DSP noise reduction takes a different approach. It analyzes the incoming signal, tries to distinguish signal from noise, and suppresses what it thinks is noise. Light settings can pull weak signals up from the hiss wonderfully. Crank it too high and voices turn robotic and weak signals disappear—the algorithm guesses wrong. Start low and increase gradually until the signal sounds clearer, backing off if it gets weird.

Use what you need, turn off what’s not helping. Every control affects your signal somehow.

Understanding What the S-Meter Tells You #

How strong is that station you’re hearing? The S-meter gives you the answer.

Key Information:

• An S meter measures received signal strength.
• One S unit typically represents 6 dB change in signal strength.

The scale runs from S1 (barely detectable) through S9 (strong signal), then continues as “dB over S9” for really powerful signals—you’ll hear reports like “20 over S9” or “40 over S9.” You should remember from our earlier discussions about decibels that 6 dB represents a factor of four in power, so S9 is four times more powerful than S8, and sixteen times more powerful than S7.

The dB scale compresses huge power differences into manageable numbers:

Key Information:

• A signal that reads 20 dB over S9 is 100 times more powerful than one that reads S9.
• Power output must be raised approximately 4 times to change the S meter reading on a distant receiver from S8 to S9.

Since 10 dB = $10 \times$ power, then 20 dB = $10 \times 10 = 100$ times the power. This has practical implications: going from 100 watts to 400 watts just to move up one S-unit! This is why antenna improvements (which can give you 3-6 dB or more) often beat power increases for improving your signal.

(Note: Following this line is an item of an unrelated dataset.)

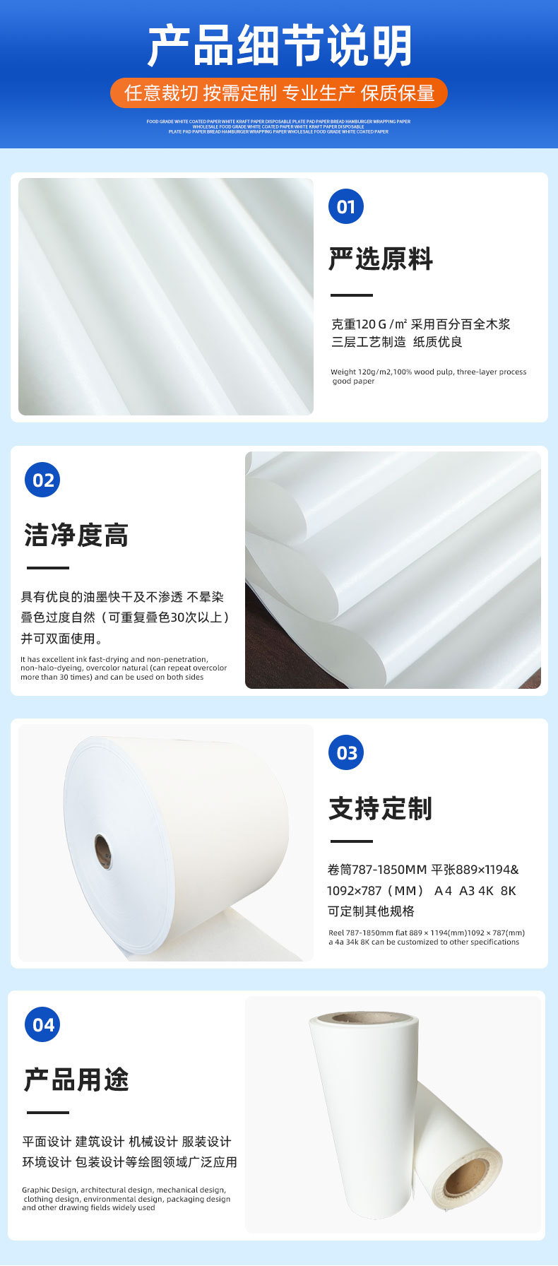 各类食品包装纸,医用包装纸,汉堡纸,餐盘垫纸,制作炸鸡袋,炸薯条袋,航空高铁用垃圾袋,吸管包装纸,干燥剂包装纸,电子原器件包装纸,葡萄保鲜纸,柚子包装纸,防油纸等。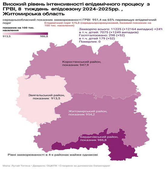 24 лютого Житомирський обласний центр контролю та профілактики хвороб повідомив, що в області ускладнюється епідемічна ситуація з ГРВІ.

One thing to keep in mind about S-meters is that they’re not very accurate. One radio’s S9 might be another’s S7. They’re calibrated differently and respond differently to the same signal. It isn’t intended to be a precise measurement, it’s just useful for relative measurements—comparing two antennas, watching propagation change over time, or tracking a signal’s strength. Don’t obsess over absolute accuracy. When someone gives you “59” it means “I can hear you fine.” A “52” means “you’re weak but readable.”

Moving on from receiving #

Just like we covered receiving here first and are about to discuss transmitting, always listen before you start transmitting on a frequency; a lot of frustration is caused when someone turns on and keys up in the 5 second gap someone left while taking a quick drink in the middle of their QSO!